What a difference three years make. Now, with 180 journalists, 14 local editions, 600 daily articles, and 10,000 subscribers to #monjournal, Nice-Matin got a new lease of life.
Every month, the publisher proposes three topics in its newsletter. Subscribers can then vote for the investigation they would like deeper coverage of and the team then produce 10-15 articles a month on that chosen topic.
As a result, not only are Nice-Matin readers more engaged with solutions articles - an average reading time is six minutes on a solutions article, compared to around two minutes on other stories - they are more willing to support the newspaper. The publisher sees 13 per cent conversion to subscription from solutions stories, against six per cent on other stories.
However, the solutions style was met with some editorial pushback.

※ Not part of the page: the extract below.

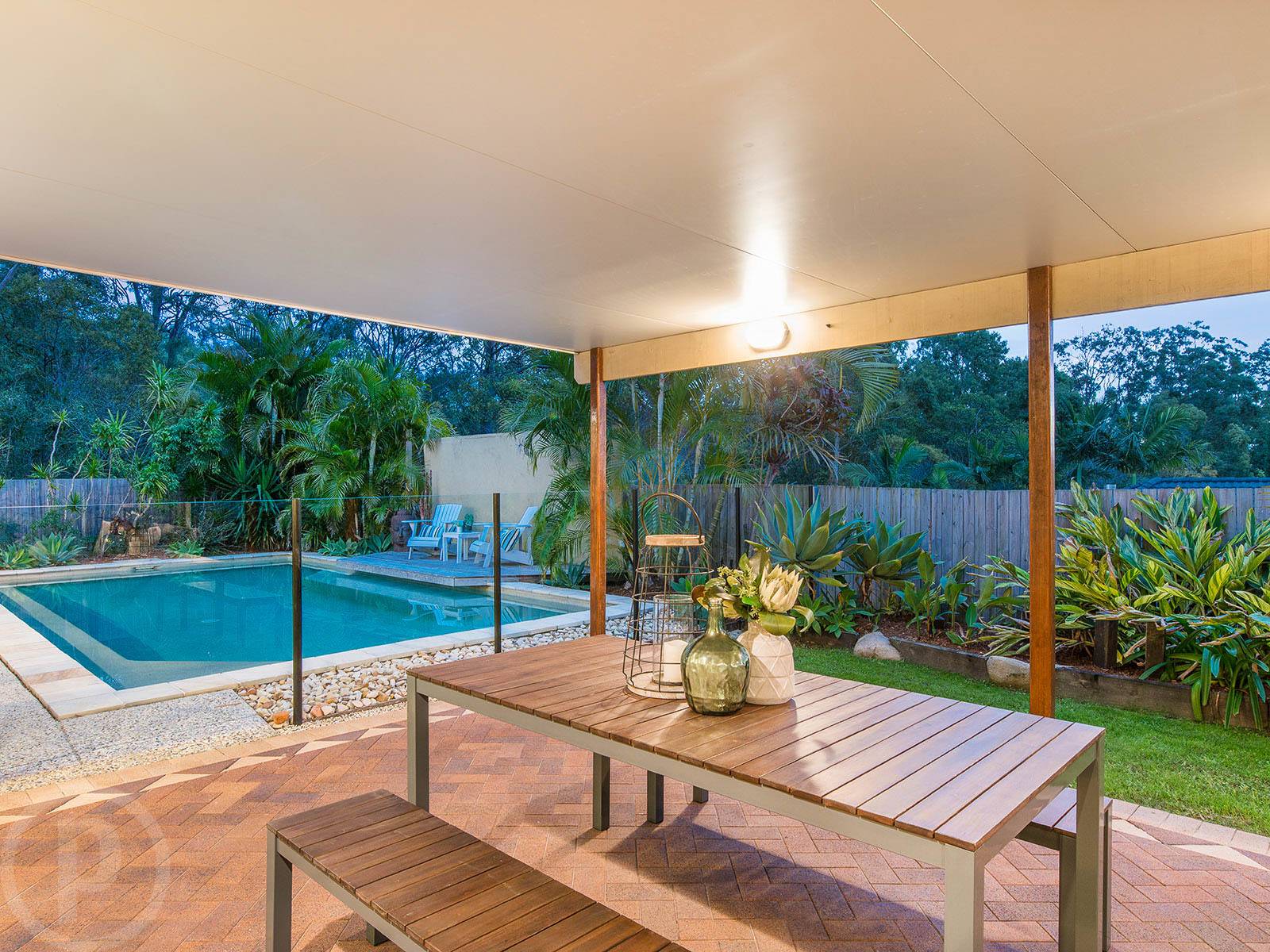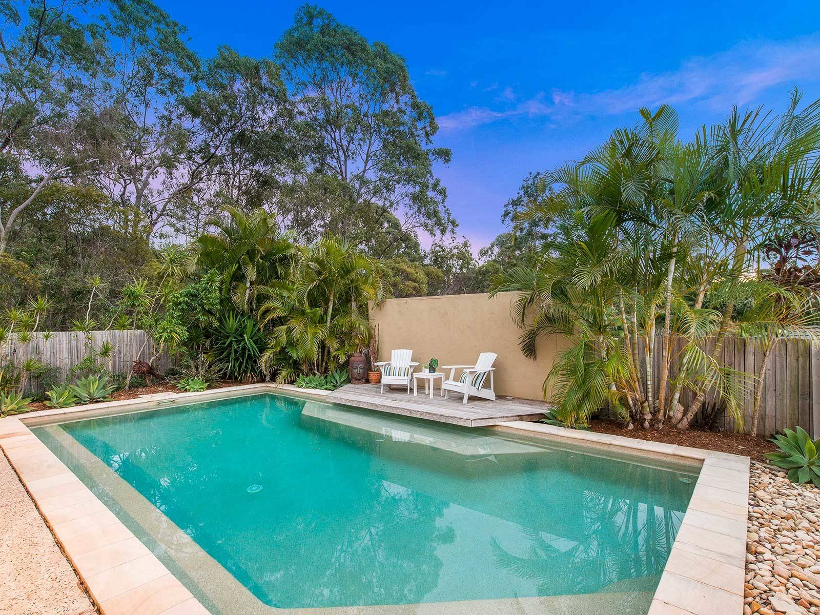 Glass sliders provide seamless access to the covered rear patio and glimmering in-ground pool, all framed by landscaped gardens. You will love the serenity that this property offers with access straight from the backyard to the nearby park and bike track which will never be developed.
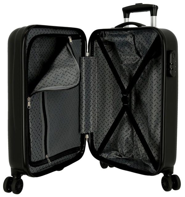 Disfruta de tus días con esta colección de maletas y neceseres de viaje de Disney . Puedes llevar tu ropa en el interior de las maletas de cabina con un compartimento de cremallera por un lado y gomas de sujeción en el otro y puedes desplazarte fácilmente con sus cuatro ruedas dobles de giro multidireccional. Su cierre de combinación lateral la mantendrá protegida en todo momento. Además, en los neceseres a juego fabricados en ABS podrás llevar todos tus accesorios y adaptarlo perfectamente al trolley.

"It’s really important not to be confused with advertorial content and ‘feel good’ news, which is not solutions journalism," said Malval.
"We have received a lot of criticism because the idea was not well understood at the beginning. Solutions are demanding to find, they don’t fall from the sky.”
Some steep learning curves have given them pause for thought and shown solutions journalism has its time and place, as demonstrated with their coverage of the 2016 Nice terrorist attacks.
Malval, who had covered the event as it broke, went on to consider how solutions journalism could tell the story differently but it did not go according to plan.
"Fifteen days after the attacks, I was thinking maybe I want to write stories from a solutions perspective. I wanted to focus on the mental geographic and how the terror attack changed the mentality of different locations where the attack happened. How we can rebuild a city after such trauma?" she explained.
"I went on the field with this idea but I didn’t succeed at all because it was way too soon to do such an investigation.”